Reputation: 4928
Using PySpark 2.4.7
My goal is to write PySpark DataFrame into specific number of parquet files into AWS S3.
Say I want to write PySpark DataFrame into 10 parquet files. This is my approach
df.repartition(10).write.mode("append").partitionBy(partition_cols).saveAsTable(<db.table>)
This writes 10 parquet files for each partition bucket in S3. I want to write 10 (approx) in total across all partition columns, How can I achieve this?

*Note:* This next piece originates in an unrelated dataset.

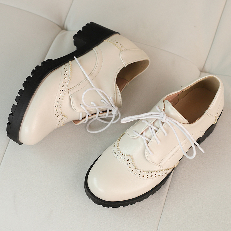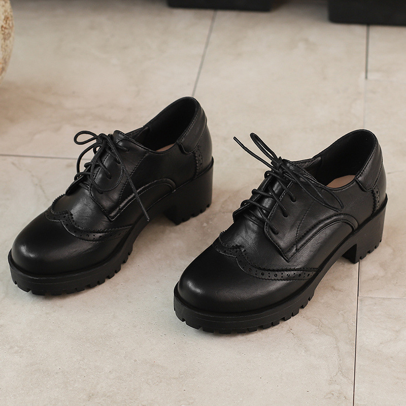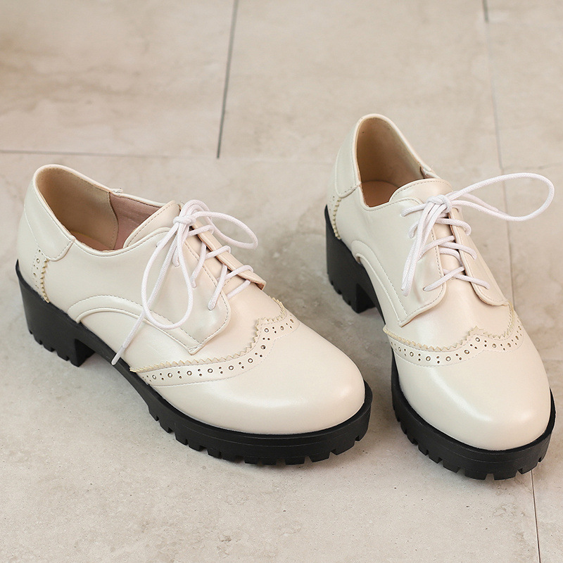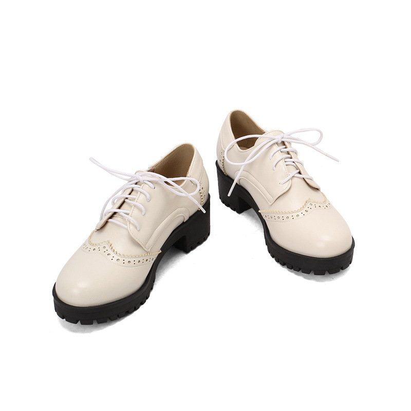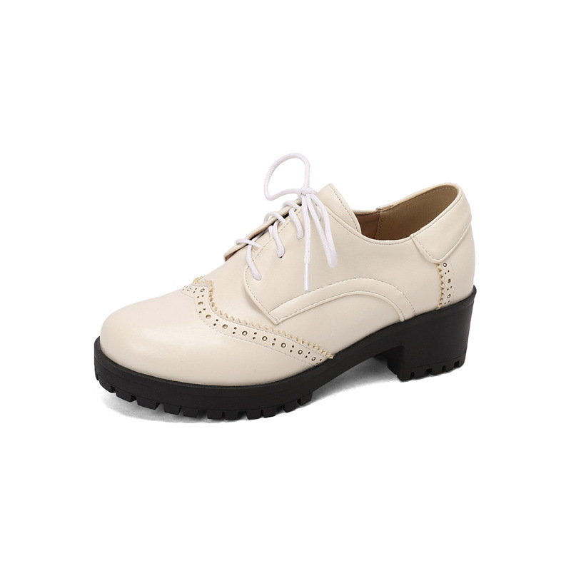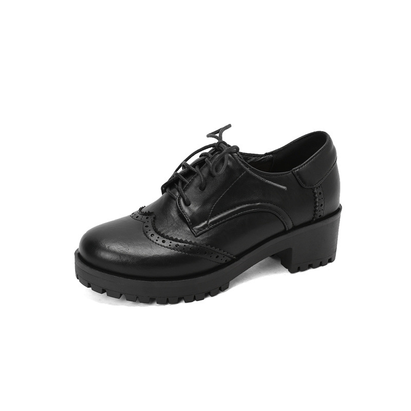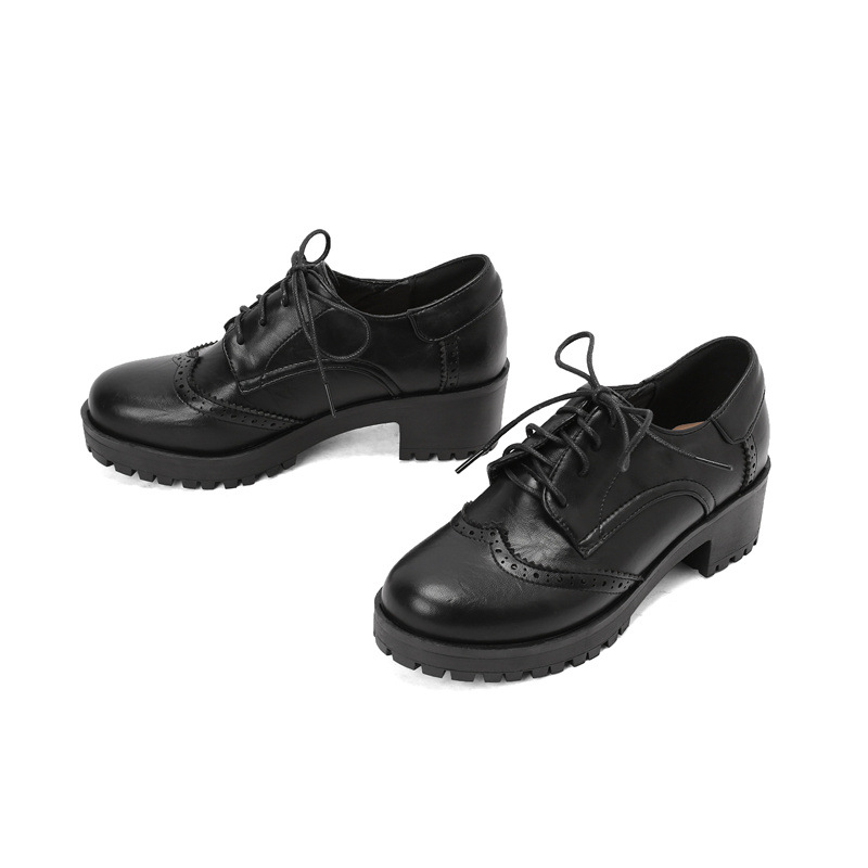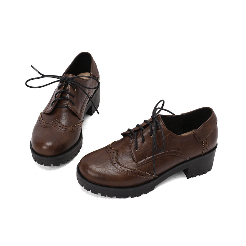 34-45 플러스 사이즈 작은 가죽 신발 봄과 가을 두꺼운 단일 청키 힐 하이힐 레트로 프론트 레이스 업 대외 무역 국경 여성 신발

It could be achieved as Abdennacer Lachiheb
mentioned in the answer. However as per my comment, there are imbalance within partition columns therefore simply dividing total number of files into number of partition columns wouldn't be optimal answer. In such case I would end up with 5 files with 10mb per file for train
partition and 5 files with 1mb per file for valid
partition. I want it to have similar file sizes. Furthermore I could achieve this by using stratifying it but wondering if there are simpler way of achieving it.
Upvotes: 0
Views: 1267
Reputation: 133
As I understood from question and comments you have data partitions like following
/date=yyyyMMdd/
|-/train/
|-/validation/
and for train and validation you want files numbers based on the data size of these. Lets say you have 1L records. Of which 70k are training & 30k are validation. In this case if you set the maxRecordsPerFile=10000
you will have 7 files for train and 3 files for validation.
Upvotes: 0
Reputation: 1857
You can use coalesce
when writing the dataframe out:
df.coalesce(partition_count).write.parquet(<storage account path>)
Upvotes: 0
Reputation: 4888
We know that the number of files is the sum of all files across all partitions:
nb_all_files = nb_files_per_partitions * len(partition_cols)
so then nb_files_per_partitions = nb_all_files / len(partition_cols)
so in your case:
nb_files_per_partitions = 10 / len(partition_cols)
Final result:
df.repartition(10/len(partition_cols)).write.mode("append").partitionBy(partition_cols).saveAsTable(<db.table>)
Upvotes: 1